WHAT THE TASK ASKS: Could you set down the listing below exactly and omit its images?

GIVEN MATERIAL:
--- START ---

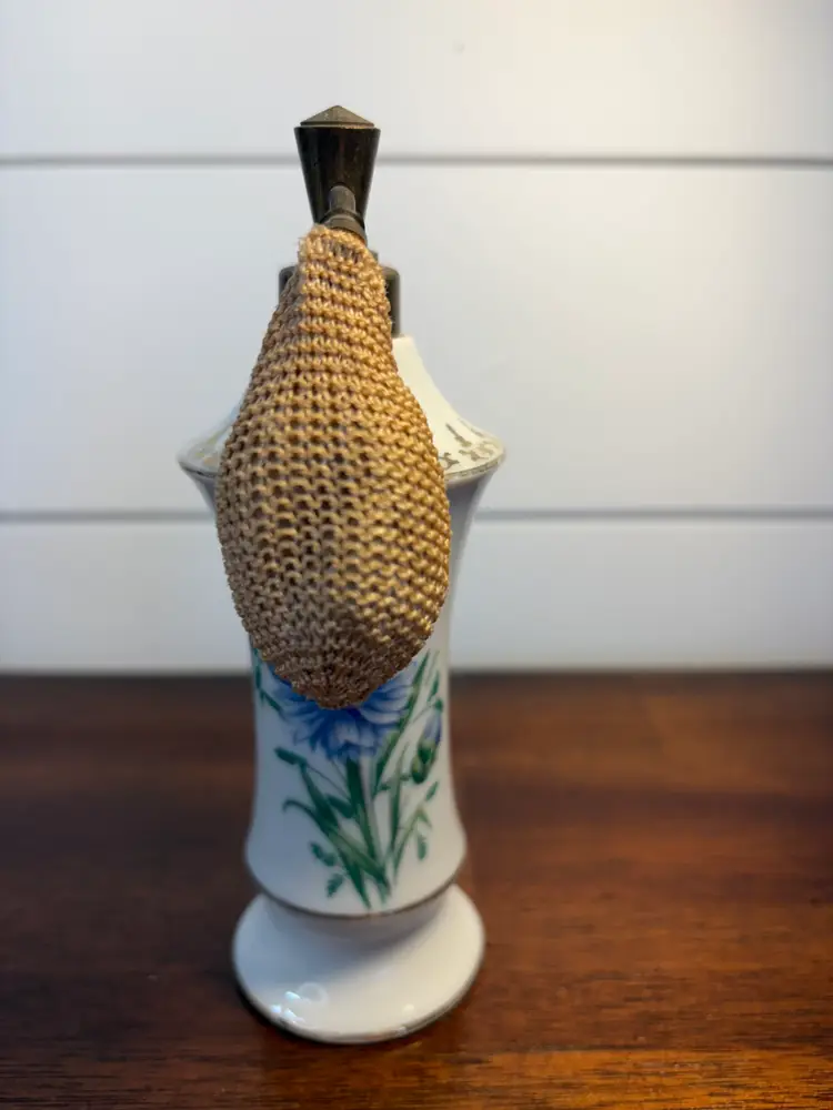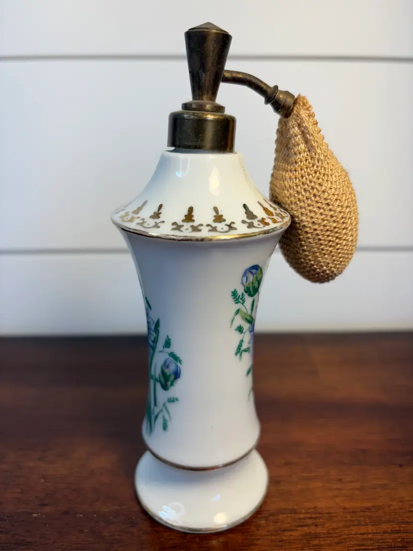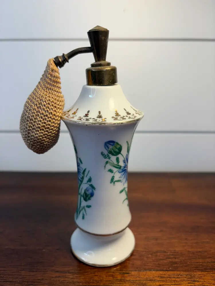 Charming vintage perfume atomizer with delicate blue floral design. Stands 6 inches tall. Brass top with hardened bulb.
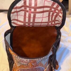 Handmade in Pakistan Boho Woven Backpack Tapestry Fabric Leather Trim 12x13.5
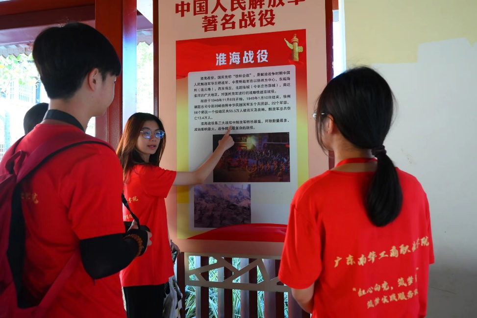 筑梦实践服务队陈晓晴说:“今天的红色主题教育长廊参观学习让我感触很深,让我对党的历史有了更加深刻的认识,我要更加珍惜现在来之不易的美好生活。”

--- END ---

RESPONSE BOX:
 Charming vintage perfume atomizer with delicate blue floral design. Stands 6 inches tall. Brass top with hardened bulb.
 Handmade in Pakistan Boho Woven Backpack Tapestry Fabric Leather Trim 12x13.5
 筑梦实践服务队陈晓晴说:“今天的红色主题教育长廊参观学习让我感触很深,让我对党的历史有了更加深刻的认识,我要更加珍惜现在来之不易的美好生活。”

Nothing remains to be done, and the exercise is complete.